Reminders of that way of life abound in the boxes of sepia-tinted photographs of sober-faced forebears they keep stacked in one of the family's garages. And despite the intrusions of modern life, the Garcias, like Tamez and the Garzas, have managed to keep up many of the old rituals.

Every Sunday they crowd into their tiny Catholic church, where parishioners whose family trees have been intertwined for generations join in the Spanish service under the benevolent gaze of a coffee-skinned statue of the Virgin of Guadalupe. And when the Garcias walk their land, every step seems to bring back a memory.

"Over here, this is where we used to ride our horses when we were kids," said Fred, 38, pointing. "Oh, and that palo blanco tree is where we still hold our annual Labor Day barbecue and dove hunt. . . . And there, that's where we used to swim in the river. Right on the other side, that's Mexico."

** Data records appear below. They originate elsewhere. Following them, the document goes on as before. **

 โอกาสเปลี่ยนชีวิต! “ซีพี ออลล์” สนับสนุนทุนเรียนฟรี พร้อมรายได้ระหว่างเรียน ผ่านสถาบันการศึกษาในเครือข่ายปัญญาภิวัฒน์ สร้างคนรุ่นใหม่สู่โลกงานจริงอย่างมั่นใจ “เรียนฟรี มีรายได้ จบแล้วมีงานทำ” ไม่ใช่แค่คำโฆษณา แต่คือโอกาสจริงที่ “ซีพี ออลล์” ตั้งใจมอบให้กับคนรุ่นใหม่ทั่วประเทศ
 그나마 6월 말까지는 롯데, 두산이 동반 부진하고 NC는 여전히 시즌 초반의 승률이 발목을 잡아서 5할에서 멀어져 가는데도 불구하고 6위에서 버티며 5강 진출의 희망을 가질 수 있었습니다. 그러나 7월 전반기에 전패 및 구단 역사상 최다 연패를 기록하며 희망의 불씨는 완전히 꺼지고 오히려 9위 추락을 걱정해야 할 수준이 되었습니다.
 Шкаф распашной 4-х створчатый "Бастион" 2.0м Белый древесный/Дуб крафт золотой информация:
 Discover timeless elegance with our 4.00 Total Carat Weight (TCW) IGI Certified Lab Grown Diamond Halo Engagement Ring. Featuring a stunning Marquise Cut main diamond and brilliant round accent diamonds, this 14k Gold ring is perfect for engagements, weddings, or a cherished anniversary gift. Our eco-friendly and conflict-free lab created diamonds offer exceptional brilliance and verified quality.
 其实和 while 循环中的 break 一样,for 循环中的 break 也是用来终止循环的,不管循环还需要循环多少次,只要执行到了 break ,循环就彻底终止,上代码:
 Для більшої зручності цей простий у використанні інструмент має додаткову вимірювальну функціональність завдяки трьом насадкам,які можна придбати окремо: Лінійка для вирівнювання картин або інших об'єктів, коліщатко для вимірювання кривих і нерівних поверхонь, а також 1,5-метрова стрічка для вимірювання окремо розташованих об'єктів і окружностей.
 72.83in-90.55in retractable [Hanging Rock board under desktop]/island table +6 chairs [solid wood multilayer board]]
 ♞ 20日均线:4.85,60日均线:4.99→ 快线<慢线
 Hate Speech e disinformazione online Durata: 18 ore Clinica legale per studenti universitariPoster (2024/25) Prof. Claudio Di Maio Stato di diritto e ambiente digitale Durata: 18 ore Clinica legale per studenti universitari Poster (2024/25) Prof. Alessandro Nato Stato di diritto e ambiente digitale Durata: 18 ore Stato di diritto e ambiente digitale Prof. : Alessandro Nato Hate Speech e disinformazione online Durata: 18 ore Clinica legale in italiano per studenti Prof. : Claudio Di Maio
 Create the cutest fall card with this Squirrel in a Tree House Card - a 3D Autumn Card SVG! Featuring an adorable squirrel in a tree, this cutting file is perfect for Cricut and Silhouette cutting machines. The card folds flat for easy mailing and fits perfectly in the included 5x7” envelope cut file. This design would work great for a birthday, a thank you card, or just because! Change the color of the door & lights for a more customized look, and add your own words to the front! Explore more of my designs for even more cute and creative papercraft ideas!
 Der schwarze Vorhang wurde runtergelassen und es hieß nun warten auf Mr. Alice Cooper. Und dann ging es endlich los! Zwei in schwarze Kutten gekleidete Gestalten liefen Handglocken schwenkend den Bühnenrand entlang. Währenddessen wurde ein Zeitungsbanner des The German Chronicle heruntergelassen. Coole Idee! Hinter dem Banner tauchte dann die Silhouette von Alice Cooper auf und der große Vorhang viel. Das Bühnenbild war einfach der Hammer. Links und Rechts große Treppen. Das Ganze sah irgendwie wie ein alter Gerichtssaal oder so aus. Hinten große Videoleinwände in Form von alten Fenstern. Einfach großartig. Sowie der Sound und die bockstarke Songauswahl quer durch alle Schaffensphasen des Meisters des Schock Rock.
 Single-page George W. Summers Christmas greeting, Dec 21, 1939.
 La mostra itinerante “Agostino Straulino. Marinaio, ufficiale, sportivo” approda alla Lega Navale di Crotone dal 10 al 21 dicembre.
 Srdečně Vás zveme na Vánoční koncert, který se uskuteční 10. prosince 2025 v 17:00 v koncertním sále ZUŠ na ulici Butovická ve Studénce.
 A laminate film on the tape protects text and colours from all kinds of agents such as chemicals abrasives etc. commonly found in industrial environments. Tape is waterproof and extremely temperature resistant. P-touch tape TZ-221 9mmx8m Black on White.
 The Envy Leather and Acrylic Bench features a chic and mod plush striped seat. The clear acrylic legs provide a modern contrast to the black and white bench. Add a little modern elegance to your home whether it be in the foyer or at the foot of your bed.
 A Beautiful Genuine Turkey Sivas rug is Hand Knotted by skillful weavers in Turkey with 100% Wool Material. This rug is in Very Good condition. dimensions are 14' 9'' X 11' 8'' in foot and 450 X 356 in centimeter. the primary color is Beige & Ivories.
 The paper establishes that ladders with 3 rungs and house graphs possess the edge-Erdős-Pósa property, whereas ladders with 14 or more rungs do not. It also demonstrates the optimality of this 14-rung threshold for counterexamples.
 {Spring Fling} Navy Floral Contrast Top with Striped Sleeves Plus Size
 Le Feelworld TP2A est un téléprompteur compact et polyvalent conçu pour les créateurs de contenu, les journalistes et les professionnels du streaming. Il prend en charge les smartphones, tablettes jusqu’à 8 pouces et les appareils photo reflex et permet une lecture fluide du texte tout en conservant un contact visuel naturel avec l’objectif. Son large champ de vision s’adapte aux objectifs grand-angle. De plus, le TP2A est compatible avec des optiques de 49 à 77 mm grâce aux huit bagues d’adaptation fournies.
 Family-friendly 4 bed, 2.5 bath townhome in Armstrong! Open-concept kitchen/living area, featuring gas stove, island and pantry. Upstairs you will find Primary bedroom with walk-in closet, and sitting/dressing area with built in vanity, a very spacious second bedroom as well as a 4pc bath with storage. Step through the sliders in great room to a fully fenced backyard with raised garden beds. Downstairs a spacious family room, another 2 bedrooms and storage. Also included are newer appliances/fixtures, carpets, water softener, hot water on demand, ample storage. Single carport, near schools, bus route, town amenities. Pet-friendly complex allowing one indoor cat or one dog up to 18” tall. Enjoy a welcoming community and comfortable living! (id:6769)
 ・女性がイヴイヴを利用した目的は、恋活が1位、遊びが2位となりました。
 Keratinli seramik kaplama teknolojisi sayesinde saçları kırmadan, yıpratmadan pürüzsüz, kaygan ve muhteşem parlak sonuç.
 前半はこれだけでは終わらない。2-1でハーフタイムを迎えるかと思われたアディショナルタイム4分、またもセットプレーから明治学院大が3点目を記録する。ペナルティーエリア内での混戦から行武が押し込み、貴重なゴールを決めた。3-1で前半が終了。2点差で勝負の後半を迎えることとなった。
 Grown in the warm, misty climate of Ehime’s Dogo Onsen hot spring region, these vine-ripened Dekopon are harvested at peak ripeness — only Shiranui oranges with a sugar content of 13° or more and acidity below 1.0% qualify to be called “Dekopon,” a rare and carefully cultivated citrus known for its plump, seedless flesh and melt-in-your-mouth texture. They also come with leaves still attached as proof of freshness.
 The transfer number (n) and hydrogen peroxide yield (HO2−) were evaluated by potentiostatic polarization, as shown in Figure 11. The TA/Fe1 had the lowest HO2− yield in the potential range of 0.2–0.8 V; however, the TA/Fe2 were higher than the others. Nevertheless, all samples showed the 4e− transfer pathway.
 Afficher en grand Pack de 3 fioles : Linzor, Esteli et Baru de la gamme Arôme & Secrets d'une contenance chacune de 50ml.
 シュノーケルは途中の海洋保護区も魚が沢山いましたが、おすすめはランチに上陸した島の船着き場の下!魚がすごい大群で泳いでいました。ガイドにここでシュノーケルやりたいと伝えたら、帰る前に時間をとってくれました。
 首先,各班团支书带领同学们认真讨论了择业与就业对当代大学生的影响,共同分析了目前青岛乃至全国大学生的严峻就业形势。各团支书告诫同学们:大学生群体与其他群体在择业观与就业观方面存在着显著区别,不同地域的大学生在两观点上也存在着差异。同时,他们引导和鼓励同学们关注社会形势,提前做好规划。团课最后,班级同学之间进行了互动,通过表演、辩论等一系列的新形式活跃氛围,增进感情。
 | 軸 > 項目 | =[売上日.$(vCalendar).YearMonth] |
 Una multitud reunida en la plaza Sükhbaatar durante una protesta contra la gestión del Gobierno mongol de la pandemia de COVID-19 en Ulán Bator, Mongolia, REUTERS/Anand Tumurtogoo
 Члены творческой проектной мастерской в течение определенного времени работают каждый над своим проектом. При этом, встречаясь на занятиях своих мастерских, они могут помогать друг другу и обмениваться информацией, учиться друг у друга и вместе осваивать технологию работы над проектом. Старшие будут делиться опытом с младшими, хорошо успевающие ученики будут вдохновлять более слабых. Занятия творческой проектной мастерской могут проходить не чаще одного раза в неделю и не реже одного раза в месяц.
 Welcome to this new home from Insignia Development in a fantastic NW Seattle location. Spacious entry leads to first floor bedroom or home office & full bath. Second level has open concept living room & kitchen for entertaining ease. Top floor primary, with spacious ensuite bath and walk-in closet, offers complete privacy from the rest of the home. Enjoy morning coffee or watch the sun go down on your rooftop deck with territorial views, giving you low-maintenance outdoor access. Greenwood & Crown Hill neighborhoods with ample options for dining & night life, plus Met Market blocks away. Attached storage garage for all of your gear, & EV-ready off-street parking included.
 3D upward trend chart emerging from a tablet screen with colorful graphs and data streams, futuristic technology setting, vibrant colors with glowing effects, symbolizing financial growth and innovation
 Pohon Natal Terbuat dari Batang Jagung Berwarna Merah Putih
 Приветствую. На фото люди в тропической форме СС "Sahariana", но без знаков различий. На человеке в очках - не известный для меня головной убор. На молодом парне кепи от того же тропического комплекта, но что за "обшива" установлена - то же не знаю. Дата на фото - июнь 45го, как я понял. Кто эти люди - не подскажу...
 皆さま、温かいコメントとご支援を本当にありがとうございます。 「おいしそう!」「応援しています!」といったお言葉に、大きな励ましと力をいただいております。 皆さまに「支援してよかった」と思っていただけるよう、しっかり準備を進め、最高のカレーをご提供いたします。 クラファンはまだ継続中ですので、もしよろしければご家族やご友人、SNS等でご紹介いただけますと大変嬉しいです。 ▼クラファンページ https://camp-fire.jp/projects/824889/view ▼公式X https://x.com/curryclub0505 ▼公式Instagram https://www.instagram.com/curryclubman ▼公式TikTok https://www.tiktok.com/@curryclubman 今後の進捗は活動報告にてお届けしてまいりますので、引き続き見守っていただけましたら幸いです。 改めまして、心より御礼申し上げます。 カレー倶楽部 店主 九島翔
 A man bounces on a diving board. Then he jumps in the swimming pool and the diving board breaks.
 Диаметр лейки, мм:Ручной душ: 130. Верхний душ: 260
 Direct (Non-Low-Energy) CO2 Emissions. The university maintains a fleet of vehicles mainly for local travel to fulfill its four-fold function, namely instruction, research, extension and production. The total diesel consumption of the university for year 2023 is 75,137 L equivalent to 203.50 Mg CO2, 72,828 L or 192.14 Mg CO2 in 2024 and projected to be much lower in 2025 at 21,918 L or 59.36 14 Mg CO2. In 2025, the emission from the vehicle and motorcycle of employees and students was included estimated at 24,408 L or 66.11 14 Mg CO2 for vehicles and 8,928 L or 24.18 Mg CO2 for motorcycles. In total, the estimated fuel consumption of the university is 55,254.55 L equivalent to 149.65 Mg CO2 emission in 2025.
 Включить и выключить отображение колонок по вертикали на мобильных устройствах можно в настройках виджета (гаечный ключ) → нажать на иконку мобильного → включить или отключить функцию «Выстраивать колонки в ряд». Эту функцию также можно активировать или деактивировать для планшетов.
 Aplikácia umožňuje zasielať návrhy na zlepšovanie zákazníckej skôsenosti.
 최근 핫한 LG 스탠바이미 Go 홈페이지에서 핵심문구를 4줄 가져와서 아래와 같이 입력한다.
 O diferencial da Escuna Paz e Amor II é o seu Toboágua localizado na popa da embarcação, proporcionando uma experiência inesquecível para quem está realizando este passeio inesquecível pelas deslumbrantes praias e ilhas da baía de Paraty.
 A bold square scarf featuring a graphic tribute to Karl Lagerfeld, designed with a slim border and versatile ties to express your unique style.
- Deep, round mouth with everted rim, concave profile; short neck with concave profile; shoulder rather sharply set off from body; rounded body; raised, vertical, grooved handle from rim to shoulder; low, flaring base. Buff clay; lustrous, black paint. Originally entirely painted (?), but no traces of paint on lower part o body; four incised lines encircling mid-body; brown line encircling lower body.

Their anger at being asked to sacrifice all that, Fred said, is that much greater because they believe the fence would deter neither terrorists nor illegal immigrants -- who many here are convinced would simply tunnel under the fence, climb over it with ladders, or avoid it by heading for the sections of the border, including large stretches of South Texas, that will remain un-fenced.

"People in the rest of the U.S. just don't understand the reality of what's going on here," he said.

In addition to building up the levees, local officials have suggested a variety of alternatives to the fence, including deepening the Rio Grande with dams so that it is more difficult to cross and can be patrolled by boat.